- _Data shown_
=== Begin Enclosure ===

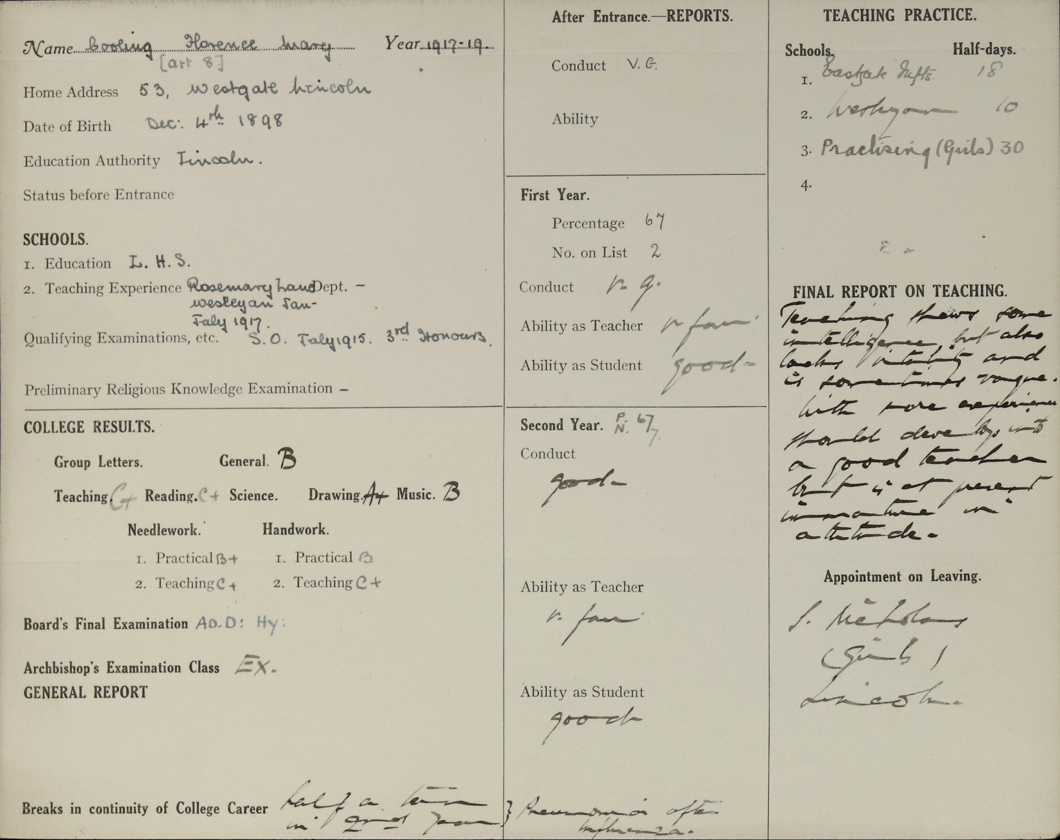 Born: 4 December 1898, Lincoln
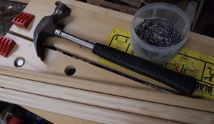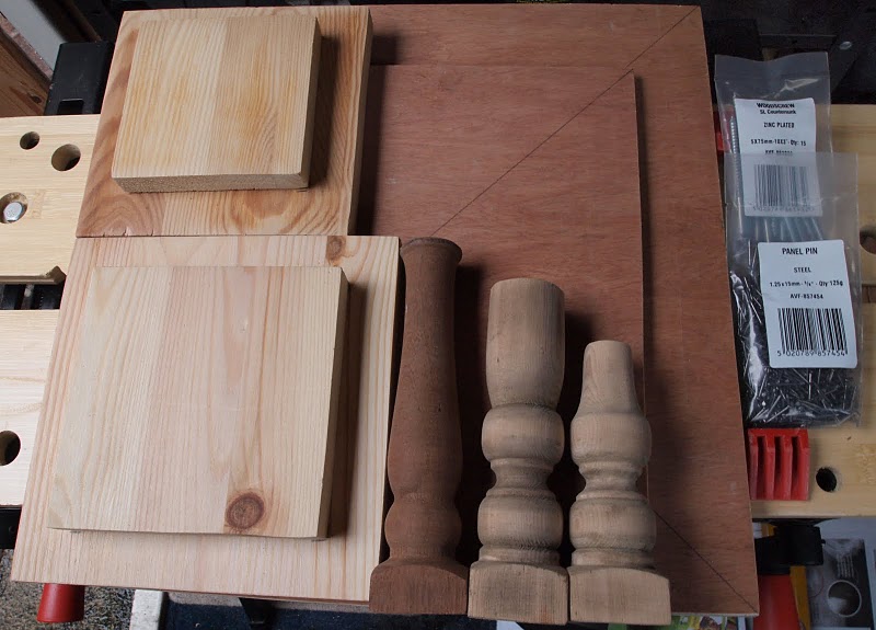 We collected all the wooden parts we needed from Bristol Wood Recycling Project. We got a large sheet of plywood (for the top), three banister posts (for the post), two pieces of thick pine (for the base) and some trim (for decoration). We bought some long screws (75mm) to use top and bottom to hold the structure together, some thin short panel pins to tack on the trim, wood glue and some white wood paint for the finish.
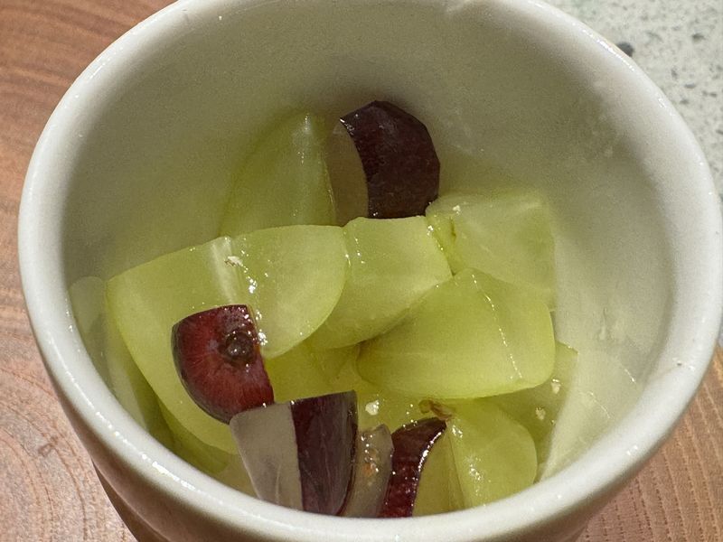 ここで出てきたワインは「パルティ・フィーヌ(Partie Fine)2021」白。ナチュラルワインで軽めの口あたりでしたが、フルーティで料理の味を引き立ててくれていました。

=== End Enclosure ===

With the pictures excluded, restate word for word each line from the one that contains "We collected all" through the last line of the listing above.

- _Exercise solution_
 We collected all the wooden parts we needed from Bristol Wood Recycling Project. We got a large sheet of plywood (for the top), three banister posts (for the post), two pieces of thick pine (for the base) and some trim (for decoration). We bought some long screws (75mm) to use top and bottom to hold the structure together, some thin short panel pins to tack on the trim, wood glue and some white wood paint for the finish.
 ここで出てきたワインは「パルティ・フィーヌ(Partie Fine)2021」白。ナチュラルワインで軽めの口あたりでしたが、フルーティで料理の味を引き立ててくれていました。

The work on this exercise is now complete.